Shell shareholders vote against climate activists’ net-zero plans
Royal Dutch Shell received overwhelming backing for its own energy transition strategy at its AGM today (18 May), but a shareholder resolution that would have forced accelerated climate action did not pass.
At the energy giant’s virtual meeting, 99.74% of shareholders supported its own energy transition strategy, announced back in February. The strategy, Shell claims, is aligned with reaching net-zero by 2050.
Shell’s plan targets a 65% reduction in emissions from the end-use of energy products by customers by mid-century, with forest creation and carbon credit purchases offsetting remaining emissions. Reducing oil and gas production forms a key facet of the plan; the firm is aiming to reduce the production of what it calls “traditional fuels” by 55% by 2030 as it scales business operations in renewable electricity, biofuels, electric vehicle charging, hydrogen and carbon capture and storage (CCS).

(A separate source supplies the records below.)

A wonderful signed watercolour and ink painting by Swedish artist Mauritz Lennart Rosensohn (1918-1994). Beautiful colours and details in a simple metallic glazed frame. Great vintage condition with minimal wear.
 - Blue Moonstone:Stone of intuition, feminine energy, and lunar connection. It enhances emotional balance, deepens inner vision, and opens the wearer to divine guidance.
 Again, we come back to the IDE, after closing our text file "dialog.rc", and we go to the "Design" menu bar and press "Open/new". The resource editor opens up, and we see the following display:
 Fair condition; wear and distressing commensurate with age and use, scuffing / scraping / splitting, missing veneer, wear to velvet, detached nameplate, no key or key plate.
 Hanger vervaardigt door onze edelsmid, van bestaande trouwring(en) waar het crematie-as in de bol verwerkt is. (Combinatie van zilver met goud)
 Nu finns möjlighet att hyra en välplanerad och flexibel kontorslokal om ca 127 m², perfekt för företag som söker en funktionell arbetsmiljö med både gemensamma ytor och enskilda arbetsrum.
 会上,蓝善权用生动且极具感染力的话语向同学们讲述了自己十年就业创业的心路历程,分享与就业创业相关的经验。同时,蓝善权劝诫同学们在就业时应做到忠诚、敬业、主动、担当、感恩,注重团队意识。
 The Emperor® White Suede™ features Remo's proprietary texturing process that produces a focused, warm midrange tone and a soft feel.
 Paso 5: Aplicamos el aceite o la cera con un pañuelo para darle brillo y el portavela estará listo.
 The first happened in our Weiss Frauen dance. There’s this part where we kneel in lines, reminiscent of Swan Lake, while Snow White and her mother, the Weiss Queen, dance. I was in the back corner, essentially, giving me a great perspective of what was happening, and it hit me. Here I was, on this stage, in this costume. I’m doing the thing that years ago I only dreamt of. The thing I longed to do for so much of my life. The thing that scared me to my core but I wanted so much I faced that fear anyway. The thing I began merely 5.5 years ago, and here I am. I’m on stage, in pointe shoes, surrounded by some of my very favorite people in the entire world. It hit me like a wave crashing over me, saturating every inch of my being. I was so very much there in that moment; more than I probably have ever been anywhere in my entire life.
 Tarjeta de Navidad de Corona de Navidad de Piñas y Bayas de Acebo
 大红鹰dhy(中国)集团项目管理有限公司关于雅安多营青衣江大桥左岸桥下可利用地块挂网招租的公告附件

Unlike many other high emitting corporates, Shell has also committed to update the strategy every three years, in line with emerging climate science and with technology developments in mind.
Addressing the AGM, Shell’s chief executive Ben Van Beurden called the strategy “comprehensive”, “rigorous” and “ambitious”. Indeed, the plans have fared well in recent rankings of climate plans across the fossil fuel sector by green groups in recent times.
However, some campaigners and investors in Shell had hoped to pass stronger measures to bolster the long-term climate target. A resolution at the AGM, tabled by campaign group Follow This, would have required shell to prove that absolute emissions reductions over the coming decades are aligned with the Paris Agreement.
Specifically, the group wanted Shell to prove that it would reduce absolute emissions by 25-45% by 2030, “substantially shifting investment” away from oil and gas. Shell is still planning to allocate at least 75% of its spending to fossil fuels this decade.
“[Oil firms] have a narrative that says ‘we’ll be net-zero by 2050 so now give us space to implement a new strategy for the next ten years’ – but whether these plans will reduce emissions in the near term is unclear,” Follow This founder Mark Van Baal said.
Follow This’s resolution ultimately failed to pass. While its work has been backed by more than 6,000 shareholders across the energy sector, including Shell backers Aegon and RWC Partners, it was supported by just 30.47% of voters at the Shell AGM.
In a statement following the vote, the Church of England Pension Board, which led the investor talks with Shell on its strategy, warned the energy major not to get complacent on climate action in light of the vote.
The statement urges Shell to develop its own short and medium-term targets for absolute emissions and to be more transparent on how its spending aligns with its long-term net-zero goal – without over-reliance on offsetting and CCS. Such moves should be completed by 2023, the statement urges.
It reads: “As a Pensions Board we have today supported the Energy Transition Strategy, not because we believe it is perfect, but it is the first phase of Shell’s transition over this crucial decade. We do so knowing and expecting it will change significantly as the company adjusts to what works and what needs to change.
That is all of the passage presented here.